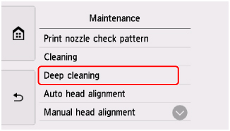 Als de afdrukkwaliteit niet is verbeterd door de normale reiniging van de printkop, moet u een diepte-reiniging van de printkop uitvoeren. Bij een diepte-reiniging van de printkop wordt meer inkt verbruikt dan bij een normale reiniging van de printkop. Het is daarom raadzaam de diepte-reiniging van de printkop alleen uit te voeren als het echt nodig is.
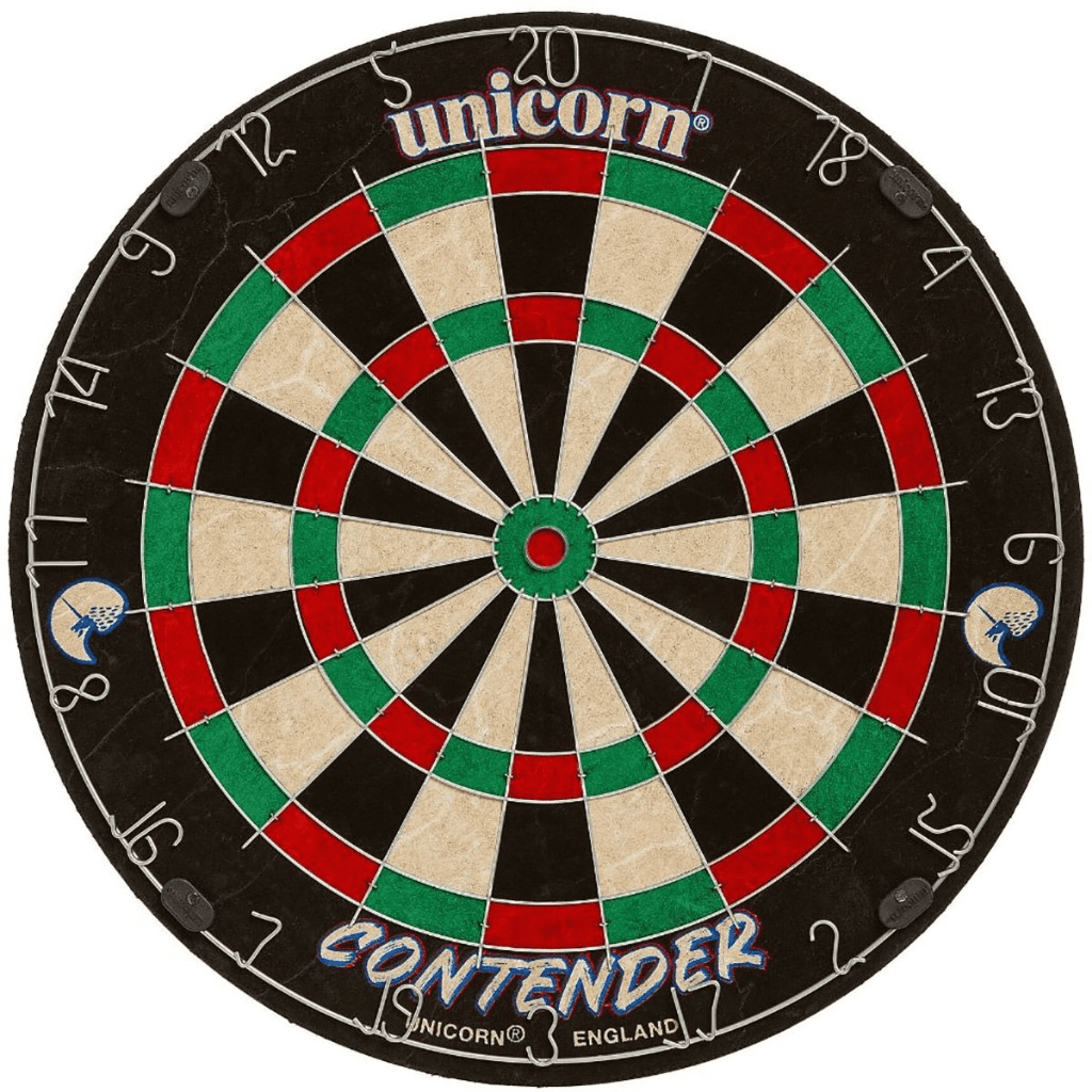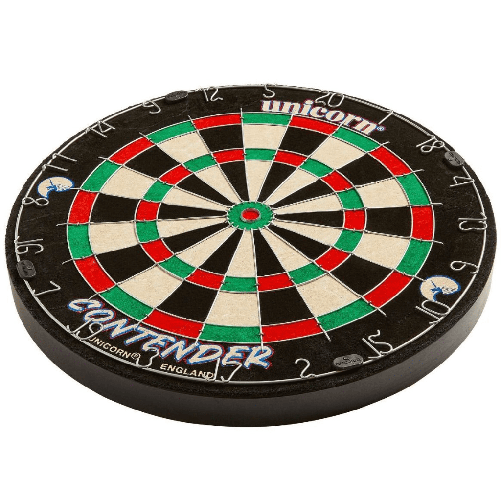 Home / Dartboards & Equip / Dartboards Product Description The Unicorn Contender Board is the ultimate starter board. The Contender Dartboard is designed for newcomers to darts to get maximum enjoyment from the incredible game we know and love. When starting out, hitting the winning double or getting close to treble 20 can seem impossible, but the Contender board makes it twice as likely! What's the point in playing a game of darts if you can't enjoy it? The Contender board will increase scoring, decrease frustration and make you more likely to come back and play again! Once you feel confident that you can hit your targets, then you're ready to progress to a traditional sized dartboard, of which Unicorn have a variety to suit every player. 50% larger doubles and trebles for maximum scoring and enjoyment 25% bigger outer bullseye High quality round wire construction SuperSlim™ wire fasteners to increase playing area Staple free Bullseye Competition quality bristle board. Specifications Brand Unicorn Description The Unicorn Contender Board is the ultimate starter board. The Contender Dartboard is designed for newcomers to darts to get maximum enjoyment from the incredible game we know and love. When starting out, hitting the winning double or getting close to treble 20 can seem impossible, but the Contender board makes it twice as likely! What's the point in playing a game of darts if you can't enjoy it? The Contender board will increase scoring, decrease frustration and make you more likely to come back and play again! Once you feel confident that you can hit your targets, then you're ready to progress to a traditional sized dartboard, of which Unicorn have a variety to suit every player. 50% larger doubles and trebles for maximum scoring and enjoyment 25% bigger outer bullseye High quality round wire construction SuperSlim™ wire fasteners to increase playing area Staple free Bullseye Competition quality bristle board. Attributes Brand Unicorn Delivery & Returns Unicorn Contender Dartboard Item in Stock £31.95 Login to add this product to your wishlist.
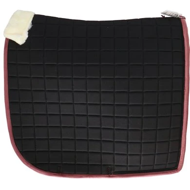 Chique dressuur zadeldekje met een fijne pasvorm. Het zadeldek beschikt over subtiel contrast gekleurde biezen met kristallen en parels voor een luxe uitstraling.
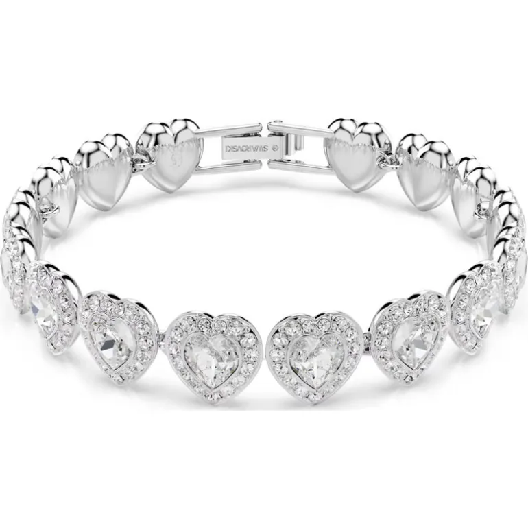 Love shines brightly in this Swarovski bracelet, which takes romantic extravagance to the next level. The rhodium plated design features a full circle of heart-shaped crystals, each surrounded by a glittering halo of clear pavé. Pair this bracelet with other matching jewellery to create your own expressive combinations.
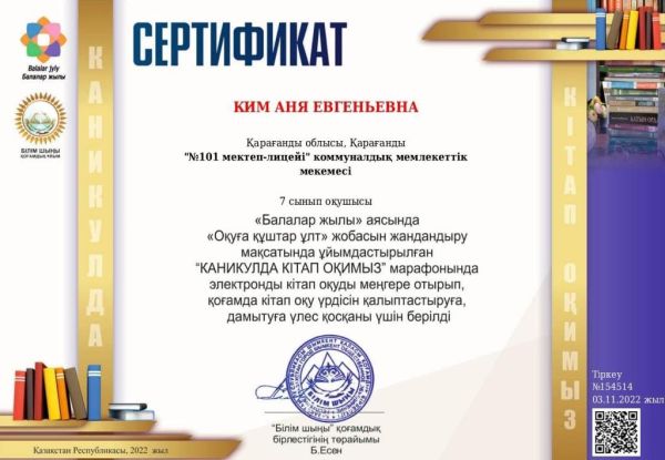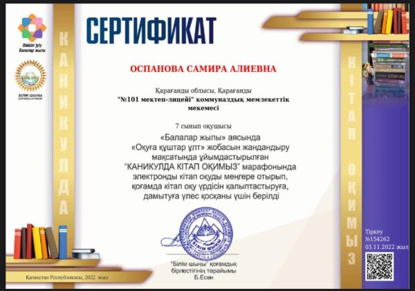 “Оқуға құштар мектеп” жобасын жандандыру мақсатында ұйымдастырылған «КАНИКУЛДА КІТАП ОҚИМЫЗ» республиқалық марафонына қатысып 7 &ldq…
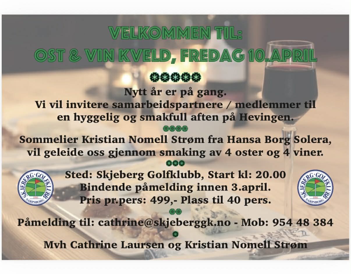 Her er det ingen grunn til å vente om du vil ha en uforglemmelig aften med ost & vin på Skjeberg Golfklubb.Bare å holde av fredagskvelden den 10. april og vende nesa mot klubbhuset vårt.
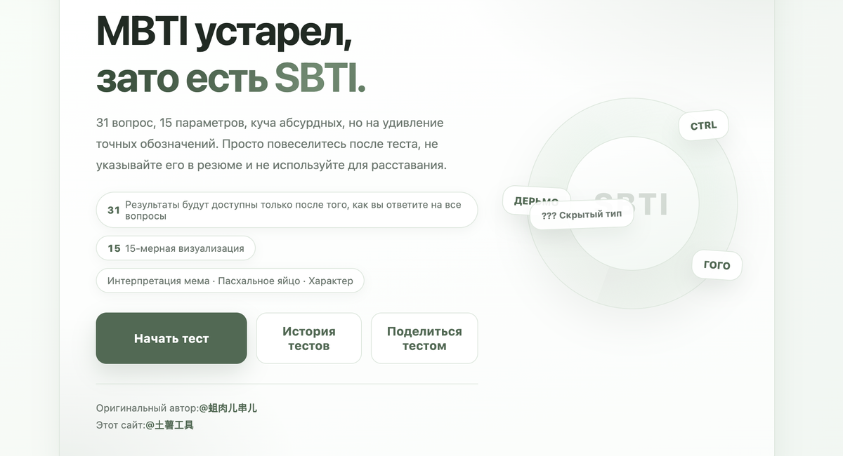 Буквально год назад мы с вами определяли, какие же в нас преобладают буквы. Корейцы, между прочим, по ним выбирают себе друзей и партнеров) Но теперь вирусится китайский тест SBTI. Ссылку прилагаю. Он бесплатный, можете пройти тот же, что и я, либо найти другие сайты. Его смысл в том, чтобы вы с юмором отнеслись к себе, побольше узнали о своем типе личности простыми словами, при этом не утопая в психологических терминах и не вешая ярлыки.
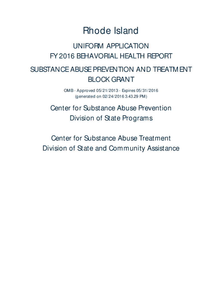 Rhode Island UNIFORM APPLICATION FY 2016 BEHAVIORAL HEALTH REPORT SUBSTANCE ABUSE PREVENTION AND TREATMENT BLOCK GRANT OMB Approved 05/21/2013 Expires 05/31/2016 (generated on 02/24/2016 3.43.29 PM)Center
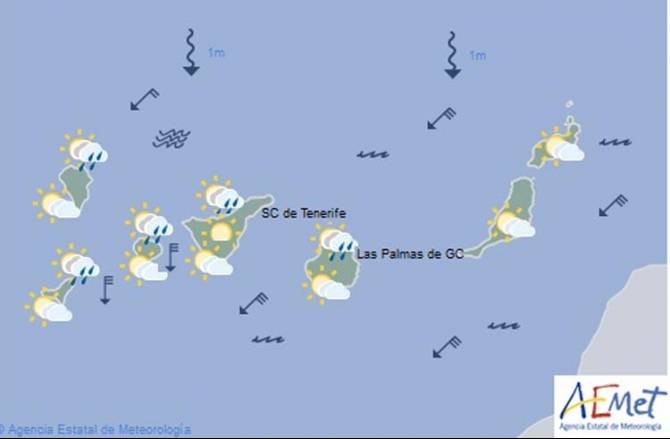 La previsión meteorológica en la isla de La Palma apunta a que en el norte y nordeste los cielos estarán muy nuboso; en el suroeste, intervalos nubosos. En el norte y nordeste, probables lluvias débiles.
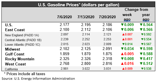 The COVID-19 pandemic is having a massive impact on the U.S. gasoline market. With the phased re-opening of the economy, demand is rising, as are prices. However, the economic reopening has led to a massive increase in coronavirus infections, and some states are being forced to rethink their strategies, particularly regarding indoor dining and drinking. During the week ended June 8, U.S. retail gasoline prices finally regained the $2/gallon threshold, after falling below this level during the week ended April 6 and remaining there for the next nine weeks. During the current week ended July 20, average retail prices for gasoline retreated by 0.9 cents/gallon to average $2.186/gallon. Prices fell in PADDs 1, 2 and 4, while rising in PADDs 3 and 5. Retail gasoline prices for the current week were 56.4 cents per gallon lower than they were one year ago. Until November, gasoline prices had been below their levels of last year. Prices then rose to surpass last year’s levels in all PADDs. The downhill price slide changed this, making gasoline a bargain. Until the pandemic, it had been over four years since the average retail price for gasoline was below the $2/gallon mark.
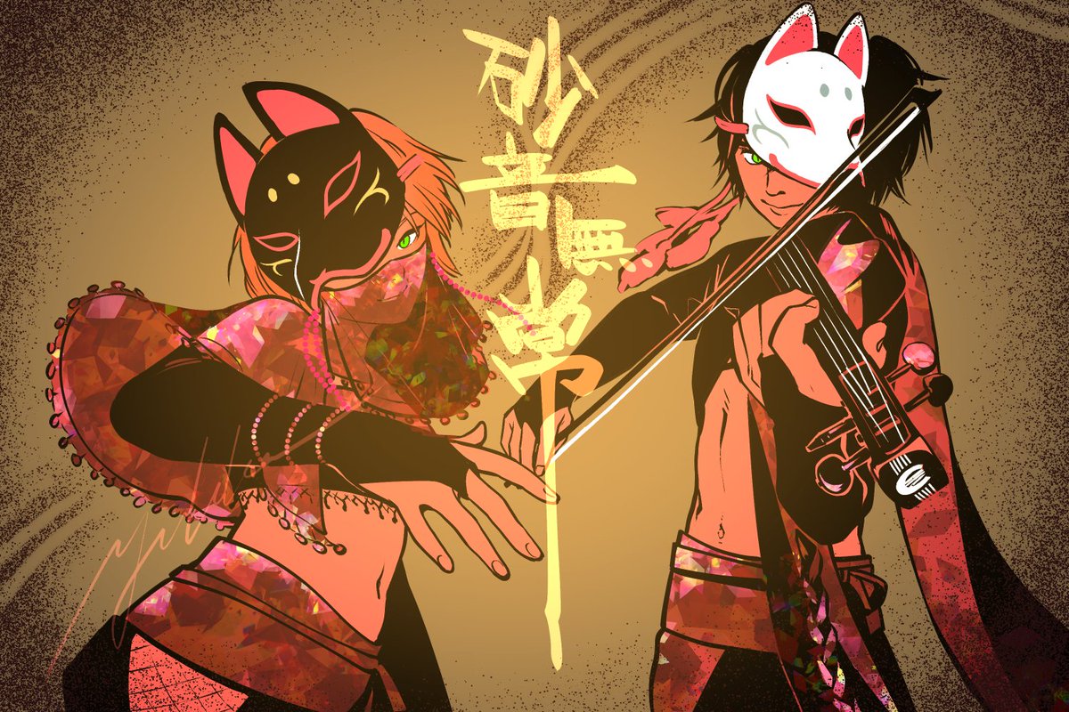再掲。 サンドアートxヴァイオリン一人多重奏ユニット、砂音無常(@saonmujou)のお二方を描かせていただきました。
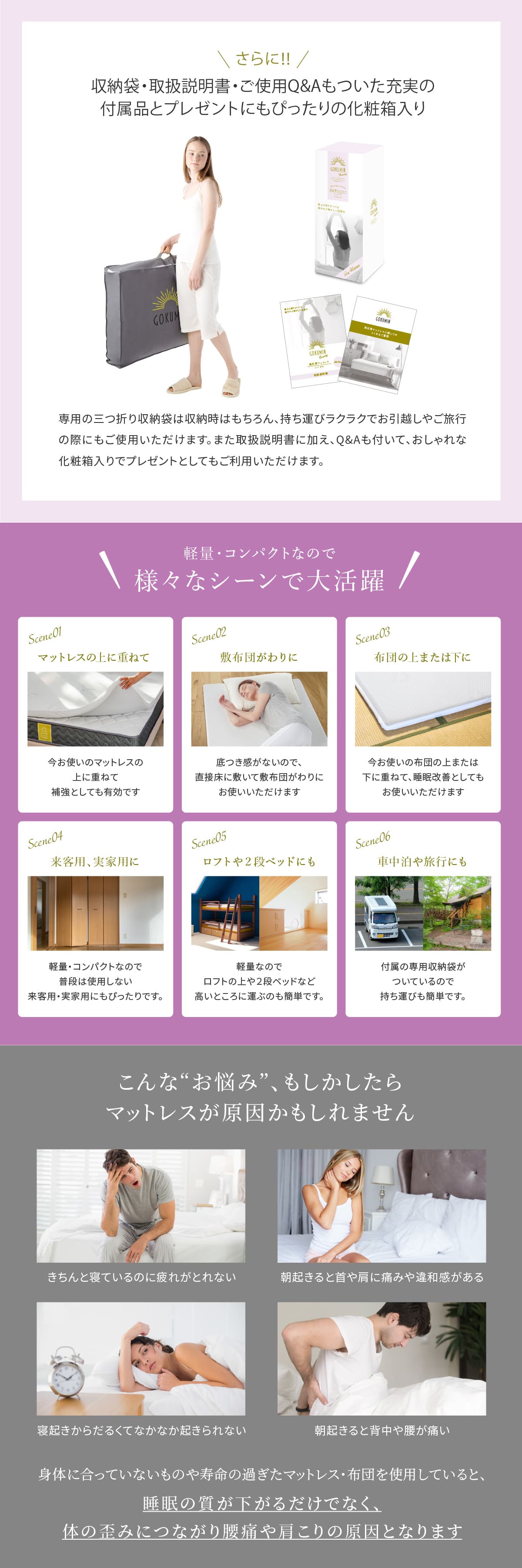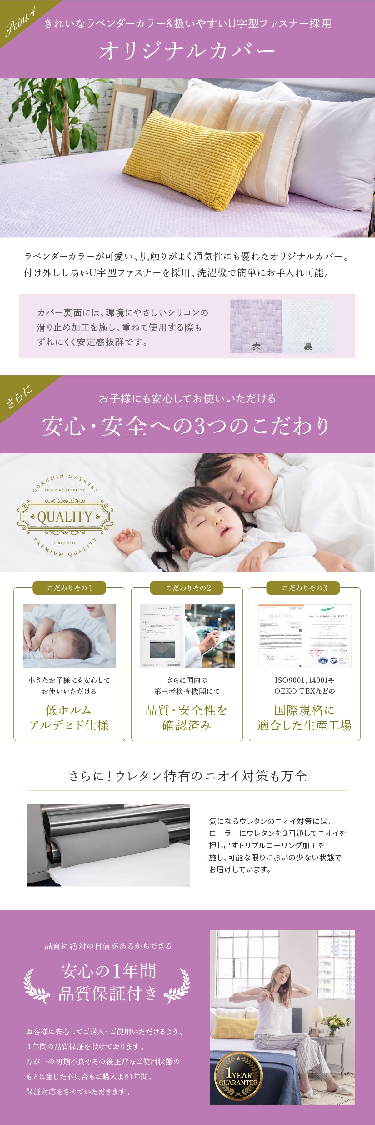 【豪華!極上高級マットレスカバー】 肌触りがよく、通気性にも優れたラベンダーカラーのオリジナルカバー。もちろん毎日使うものだから、GOKUMINは専用設計の抗菌・防臭・低ホルムアルデヒドです。
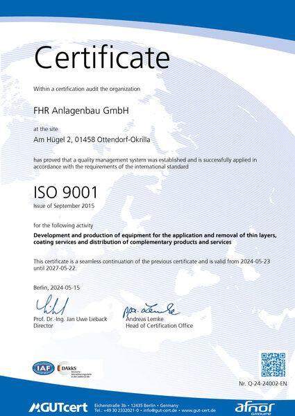 在 FHR Anlagenbau GmbH,我们为确保生产和人员结构的最高标准和质量而感到自豪。在此,我们向您介绍我们所获得的认证和质量证书,它们彰显了我们对优化和可持续发展的承诺。
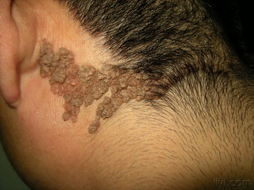 据介绍,疣状痣(Verrucous nevus)也称表皮痣、线状表皮痣等,一般在初生时或幼儿期发病,但也有10~20岁才出现,男女均可发病。通常表现为淡黄色至棕黑色疣体损害。其大小、形态及分布各有不同,大多呈乳头状隆起,排列成带状或线状或斑片状,全身各处均可发生,通常呈线状排列。发生于身体一侧。发生在男女生殖器和肛门及其周围的,此时,往往容易误诊为尖锐湿疣。
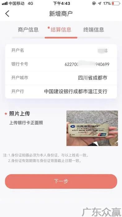 3.第三步是绑定注册人的收款银行卡。(绑定银行卡规定:必须是注册人本人的银联借记卡),上传照片后下一步。
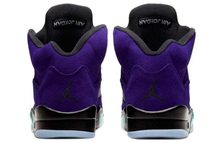 Primarily dressed in purple suede, the Nike Air Jordan 5 Retro "Alternate Grape" features an exciting mix of colors and materials. Against the dark main color scheme, you find the Jumpman logo and midsole detailing in the vibrant "New Emerald".
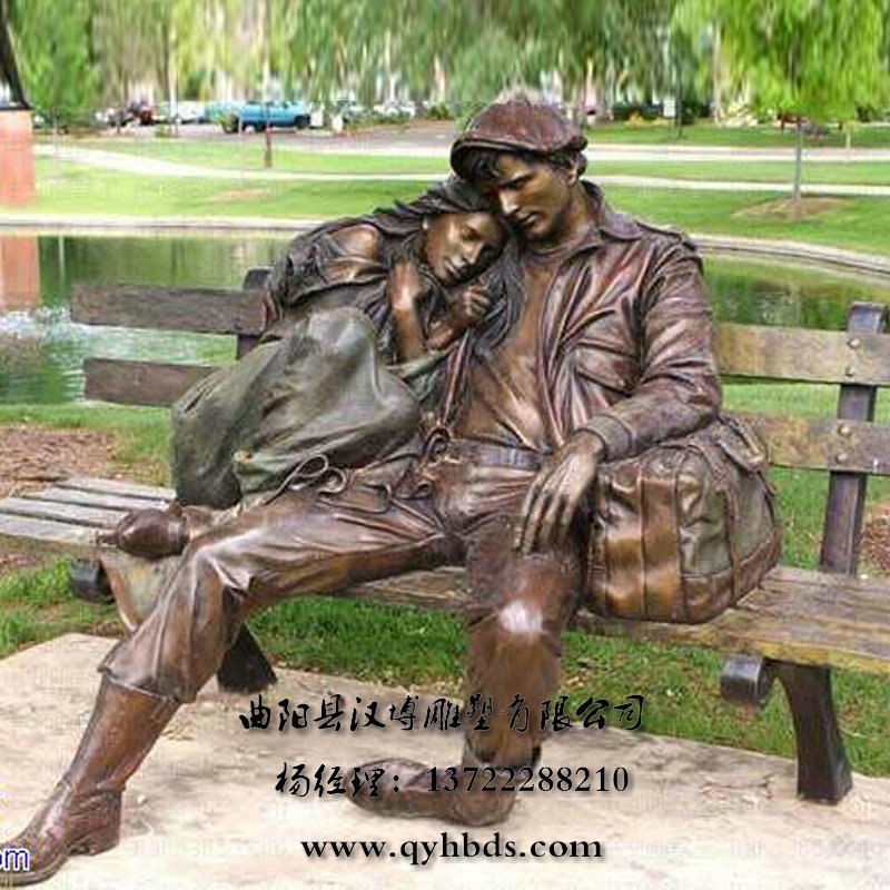 名称:玻璃钢雕塑 爱情主题雕塑 火车站情侣人物雕塑 户外园林景观雕塑

* Problem to work on: Given the listing above, repeat exactly the lines starting at the one with "Буквально год назад" and ending at the one with "La previsión meteorológica", inclusive, excluding pictures.

* Result of the task:
 Буквально год назад мы с вами определяли, какие же в нас преобладают буквы. Корейцы, между прочим, по ним выбирают себе друзей и партнеров) Но теперь вирусится китайский тест SBTI. Ссылку прилагаю. Он бесплатный, можете пройти тот же, что и я, либо найти другие сайты. Его смысл в том, чтобы вы с юмором отнеслись к себе, побольше узнали о своем типе личности простыми словами, при этом не утопая в психологических терминах и не вешая ярлыки.
 Rhode Island UNIFORM APPLICATION FY 2016 BEHAVIORAL HEALTH REPORT SUBSTANCE ABUSE PREVENTION AND TREATMENT BLOCK GRANT OMB Approved 05/21/2013 Expires 05/31/2016 (generated on 02/24/2016 3.43.29 PM)Center
 La previsión meteorológica en la isla de La Palma apunta a que en el norte y nordeste los cielos estarán muy nuboso; en el suroeste, intervalos nubosos. En el norte y nordeste, probables lluvias débiles.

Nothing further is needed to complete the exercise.